Your job is to print, exactly, the lines in the data below from the line with "User->authentication 객체로 변환하여, 해당" through the line with "Exe γυναικείο μποτάκι, σε", both included, and to omit any picture.

== Supplied records ==

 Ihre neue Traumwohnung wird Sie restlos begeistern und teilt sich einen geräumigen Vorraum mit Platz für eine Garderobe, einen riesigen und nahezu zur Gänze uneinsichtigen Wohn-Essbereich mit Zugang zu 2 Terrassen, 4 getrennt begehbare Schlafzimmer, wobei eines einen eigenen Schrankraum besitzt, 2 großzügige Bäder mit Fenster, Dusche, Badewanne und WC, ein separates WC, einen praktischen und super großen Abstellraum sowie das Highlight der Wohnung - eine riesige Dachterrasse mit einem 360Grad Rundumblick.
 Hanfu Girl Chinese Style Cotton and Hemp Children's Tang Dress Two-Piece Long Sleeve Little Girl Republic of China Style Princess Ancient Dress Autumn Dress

===
== Supplied records ==

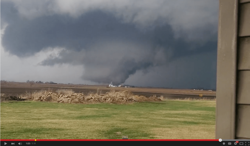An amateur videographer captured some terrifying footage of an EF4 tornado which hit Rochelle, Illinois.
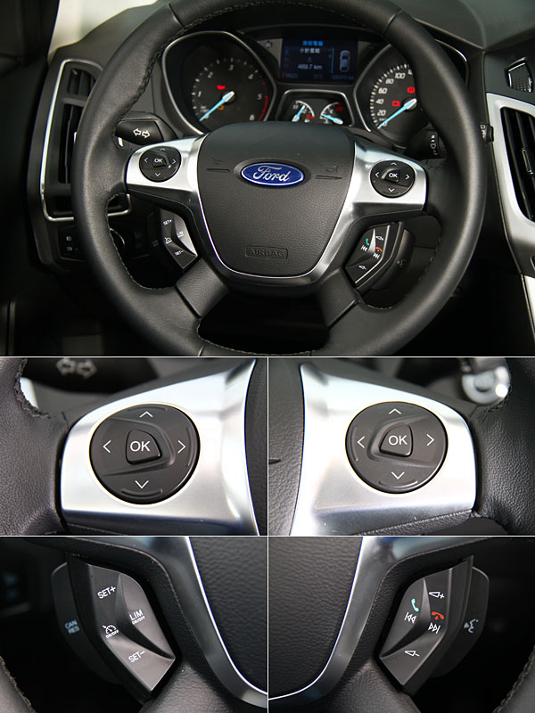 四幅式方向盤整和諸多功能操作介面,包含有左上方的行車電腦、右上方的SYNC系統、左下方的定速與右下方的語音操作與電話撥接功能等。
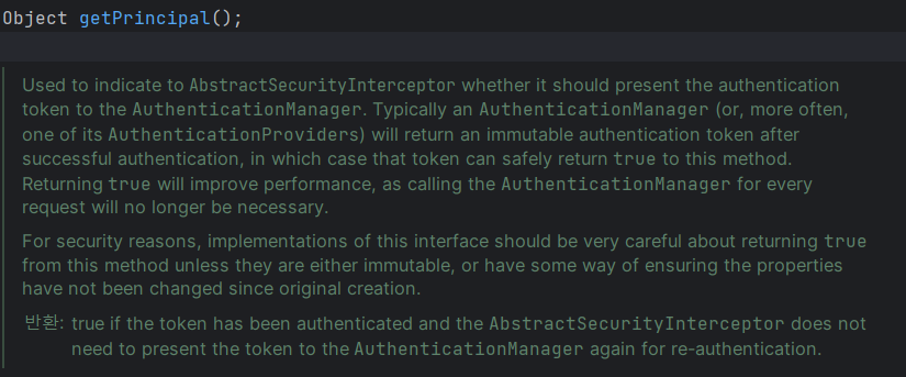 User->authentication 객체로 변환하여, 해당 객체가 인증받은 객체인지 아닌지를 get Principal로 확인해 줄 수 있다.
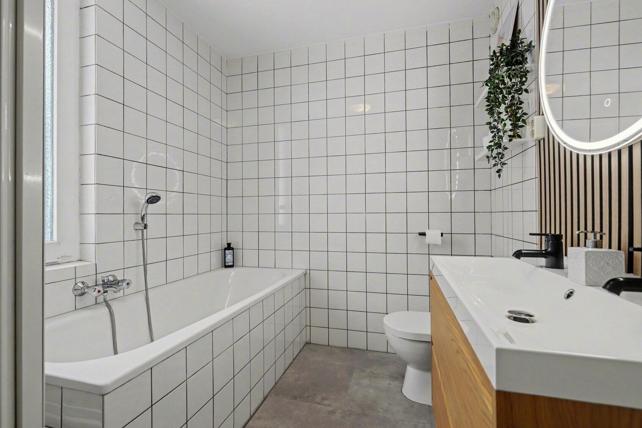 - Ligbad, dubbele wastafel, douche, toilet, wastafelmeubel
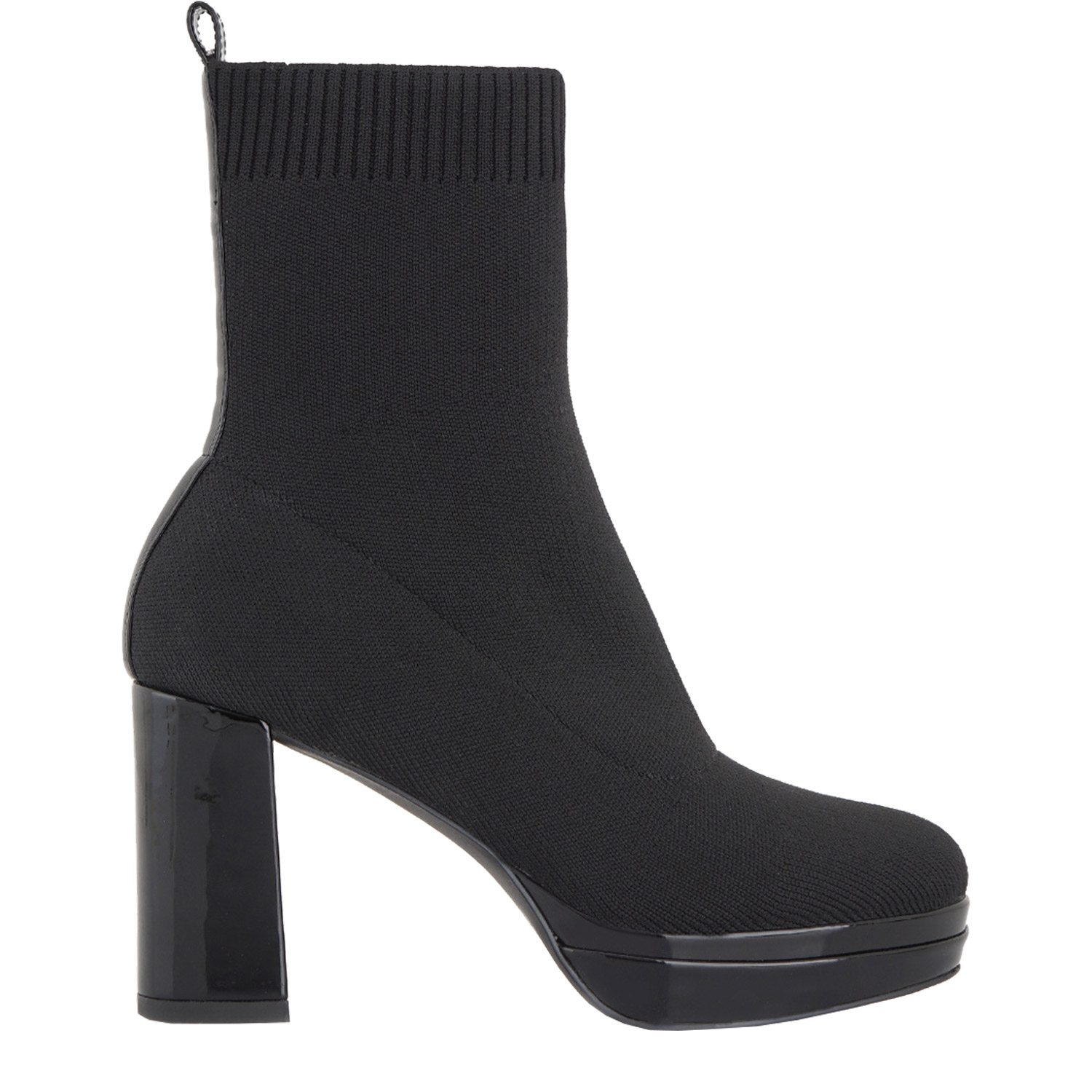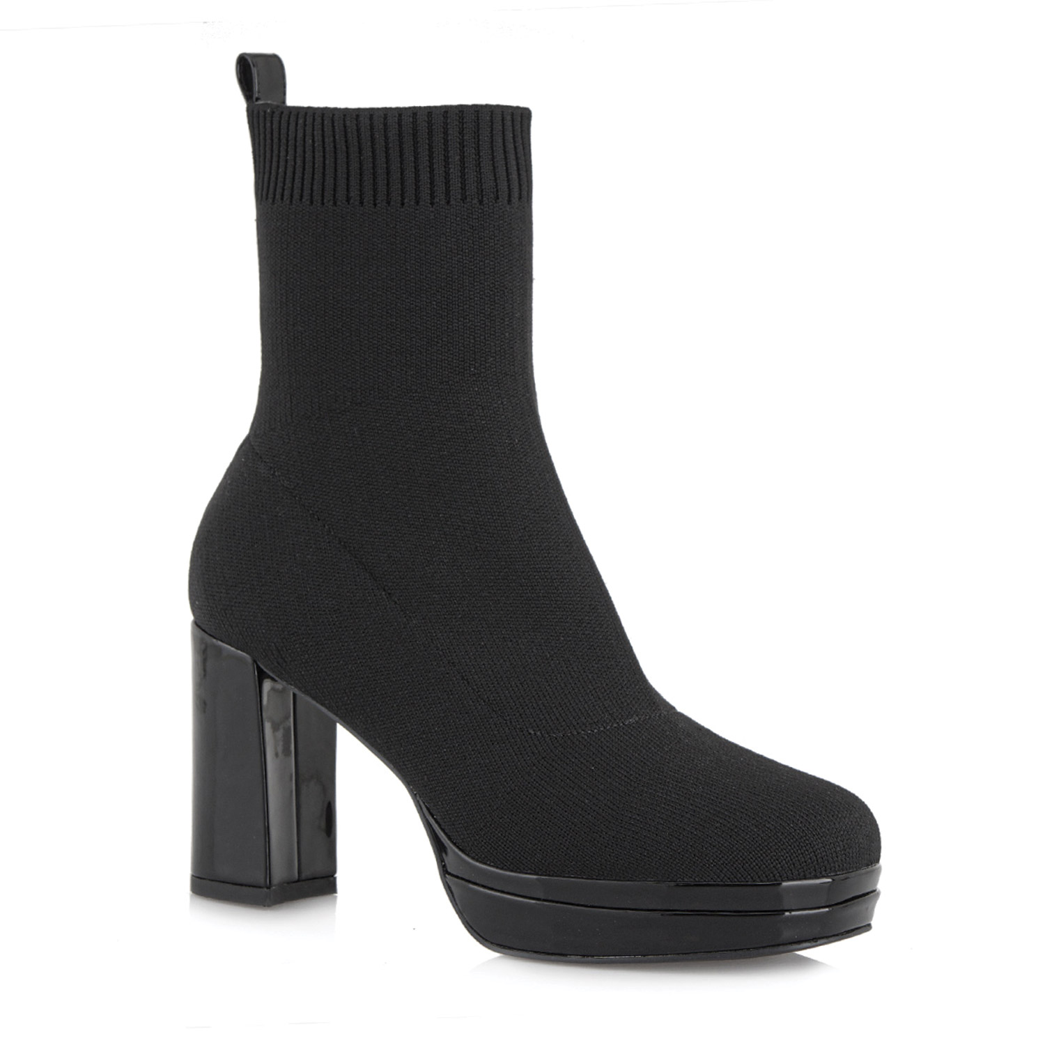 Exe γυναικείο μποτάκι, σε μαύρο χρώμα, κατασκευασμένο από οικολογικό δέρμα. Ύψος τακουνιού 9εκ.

===

● **Written answer**:
 User->authentication 객체로 변환하여, 해당 객체가 인증받은 객체인지 아닌지를 get Principal로 확인해 줄 수 있다.
 - Ligbad, dubbele wastafel, douche, toilet, wastafelmeubel
 Exe γυναικείο μποτάκι, σε μαύρο χρώμα, κατασκευασμένο από οικολογικό δέρμα. Ύψος τακουνιού 9εκ.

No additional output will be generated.